Baby Driver (2017) REVIEW (Minor Spoilers)

In this genre-bending ride of a film, writer/director Edgar Wright comes back once again to successfully blend action with comedy, this time adding elements from musicals and romance to create one high-octane adrenaline rush for film and music lovers alike.  It goes without saying that the breakneck yet never straining editing across all of Wright’s filmography is something that should be praised, however, this film’s editing uses music unlike anything I’ve ever seen before.  It’s almost as if Wright directed a 1hr  53min music video consisting of breathtaking car chases and action sequences intermixed with well written scenes of dialogue.
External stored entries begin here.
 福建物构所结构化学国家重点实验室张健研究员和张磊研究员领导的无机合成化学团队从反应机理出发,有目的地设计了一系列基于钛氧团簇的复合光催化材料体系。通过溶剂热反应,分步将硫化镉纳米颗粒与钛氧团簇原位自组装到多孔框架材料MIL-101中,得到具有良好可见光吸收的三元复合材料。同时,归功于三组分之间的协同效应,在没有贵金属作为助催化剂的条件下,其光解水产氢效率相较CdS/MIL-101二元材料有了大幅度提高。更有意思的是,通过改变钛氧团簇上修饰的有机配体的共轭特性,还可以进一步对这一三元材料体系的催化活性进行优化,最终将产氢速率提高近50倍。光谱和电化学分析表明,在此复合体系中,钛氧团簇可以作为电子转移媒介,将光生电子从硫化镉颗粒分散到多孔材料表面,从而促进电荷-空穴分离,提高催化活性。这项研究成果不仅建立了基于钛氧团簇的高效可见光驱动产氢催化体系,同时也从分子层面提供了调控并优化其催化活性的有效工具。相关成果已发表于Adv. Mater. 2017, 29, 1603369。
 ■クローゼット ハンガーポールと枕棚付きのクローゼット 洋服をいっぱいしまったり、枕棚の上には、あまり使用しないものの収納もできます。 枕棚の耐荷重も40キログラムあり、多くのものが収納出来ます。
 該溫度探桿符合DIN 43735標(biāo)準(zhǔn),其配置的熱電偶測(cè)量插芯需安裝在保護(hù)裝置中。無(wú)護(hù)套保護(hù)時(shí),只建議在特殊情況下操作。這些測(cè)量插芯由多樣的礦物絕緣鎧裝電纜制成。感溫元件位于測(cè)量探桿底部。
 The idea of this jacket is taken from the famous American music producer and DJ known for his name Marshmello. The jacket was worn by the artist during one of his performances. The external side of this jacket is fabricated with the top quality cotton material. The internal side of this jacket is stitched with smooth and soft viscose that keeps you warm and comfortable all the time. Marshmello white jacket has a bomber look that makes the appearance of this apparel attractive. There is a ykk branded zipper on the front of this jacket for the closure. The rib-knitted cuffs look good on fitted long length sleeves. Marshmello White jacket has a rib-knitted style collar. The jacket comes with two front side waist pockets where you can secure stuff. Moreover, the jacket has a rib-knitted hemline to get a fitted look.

There is a small scene early on in the film in which our main protagonist, Baby, is walking through the streets of Atlanta to get coffee from a local shop.  This whole scene which lasts only for a few minutes was impressively filmed in one shot, but more impressively was the way the music elevated the scene.  Every sound effect and visual action were matched precisely to the beat of the music, sometimes having lyrics show up in the form of wall graffiti just as that same lyric is sung in the song.  Although this may seem to halt the progression of the plot and be stylistically over-indulgent, Wright is talented enough of a writer to make this scene not go to waste.  Our protagonist has had tinnitus since childhood and must listen to music constantly from his earbuds in order to drown out the ringing sound.  That is why the music in this film is used in a wholly unique way; rather than just serving as background music to evoke a mood, it is a part of the main character and actually shows us how he views the world through the soundtrack to his life.
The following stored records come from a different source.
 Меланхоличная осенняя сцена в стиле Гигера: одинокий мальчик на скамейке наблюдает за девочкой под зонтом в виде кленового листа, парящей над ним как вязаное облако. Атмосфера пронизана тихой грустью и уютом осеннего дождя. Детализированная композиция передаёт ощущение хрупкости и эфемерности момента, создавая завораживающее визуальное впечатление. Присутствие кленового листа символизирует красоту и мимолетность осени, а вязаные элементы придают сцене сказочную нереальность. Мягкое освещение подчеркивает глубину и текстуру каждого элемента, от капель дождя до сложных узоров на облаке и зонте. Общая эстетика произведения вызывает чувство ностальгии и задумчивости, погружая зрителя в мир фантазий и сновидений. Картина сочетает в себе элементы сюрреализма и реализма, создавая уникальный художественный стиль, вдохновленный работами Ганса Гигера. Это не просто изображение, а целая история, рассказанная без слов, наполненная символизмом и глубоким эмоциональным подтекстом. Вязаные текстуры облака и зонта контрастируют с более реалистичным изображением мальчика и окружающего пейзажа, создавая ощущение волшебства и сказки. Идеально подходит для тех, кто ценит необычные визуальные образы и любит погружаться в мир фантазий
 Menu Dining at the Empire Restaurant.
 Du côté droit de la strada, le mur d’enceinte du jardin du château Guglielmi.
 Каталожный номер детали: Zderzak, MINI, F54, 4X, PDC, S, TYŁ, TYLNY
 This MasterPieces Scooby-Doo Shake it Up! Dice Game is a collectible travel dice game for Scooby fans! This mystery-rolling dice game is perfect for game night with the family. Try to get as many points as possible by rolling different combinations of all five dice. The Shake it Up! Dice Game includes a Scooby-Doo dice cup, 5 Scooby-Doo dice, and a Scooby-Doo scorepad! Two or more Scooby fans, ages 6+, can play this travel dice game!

Ansel Elgort’s performance as Baby was nothing special but it is good enough to carry the film along.  That may seem like a back-handed compliment but there is nothing Elgort can do because his character doesn’t have much to say and is stone-faced most of the time.  Lily James gives a great performance as the romantic interest to Baby.  Her character, Debora, is a waitress at a local diner and her character brings a subtle innocence to the film.  Kevin Spacey’s performance as the crime boss who hired Baby never fails to disappoint.  Although his vocal delivery was cold and monotonous as usual, Spacey still has that power to have all the emotion and anger seep through from behind the words.  Jamie Foxx comes back strong with a fierce performance as Bats, the unpredictable and off-the-wall crew member taking part in the heist.  Jon Hamm is also in the film and so is Eliza Gonzales, both dong a great job at playing a crime couple in the likes of Bonnie and Clyde.  It was also nice to see Jon Bernthal give an exceptional, albeit brief, performance.
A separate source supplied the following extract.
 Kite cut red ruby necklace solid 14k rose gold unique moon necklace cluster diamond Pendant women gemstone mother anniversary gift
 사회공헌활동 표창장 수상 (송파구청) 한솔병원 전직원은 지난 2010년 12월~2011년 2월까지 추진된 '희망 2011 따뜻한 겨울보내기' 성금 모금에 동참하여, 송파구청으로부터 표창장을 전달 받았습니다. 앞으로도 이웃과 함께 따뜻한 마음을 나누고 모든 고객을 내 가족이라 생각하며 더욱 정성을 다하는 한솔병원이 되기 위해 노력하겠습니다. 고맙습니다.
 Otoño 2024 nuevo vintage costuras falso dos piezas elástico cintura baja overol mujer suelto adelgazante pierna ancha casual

If there are any negatives to extract from this film, to me it would be the rushed romance.  It felt almost as if the relationship between Baby and Deborah grew too quickly and resulted in decisions made mainly by Deborah that had me questioning her intelligence.  However, this is me stretching to find a negative and it did not bother me while watching the film.  Only after thinking about it hours later did I notice.  Aside from the small nitpick, the script is incredibly tight, unsurprisingly so considering that Wright wrote all of it himself.  His ability to recall earlier events and make callbacks is so gratifying and makes his films so satisfying to watch.  For example, there is a line of dialogue in which a woman quotes Dolly Parton about having to go through rain in order to see the rainbow and is later recalled at the end of the film when we see a rainbow stretching across the sky in a way that avoids being cheesy.  Script details like this are what make Edgar Wright one of the best writer/director combos in Hollywood today.

Baby Driver is a must-see for film and music fans.  I know I am and I had a wide smile across my face the entire time.  Not only is it a fun time at the cinema, but it is an expertly crafted piece of art with a sharply technical edge that I know many people will never notice.  What makes it even more worthwhile is that while surrounded in a world of reboots, spin-offs, sequels and prequels, Baby Driver is a completely original film and not enough of them are nearly getting the recognition they deserve.  There is so much more good to be said about this film but I will avoid doing so because it would only lead to something like a 20 page essay paper.  Please just go out and buy a ticket to see this film, you won’t regret it.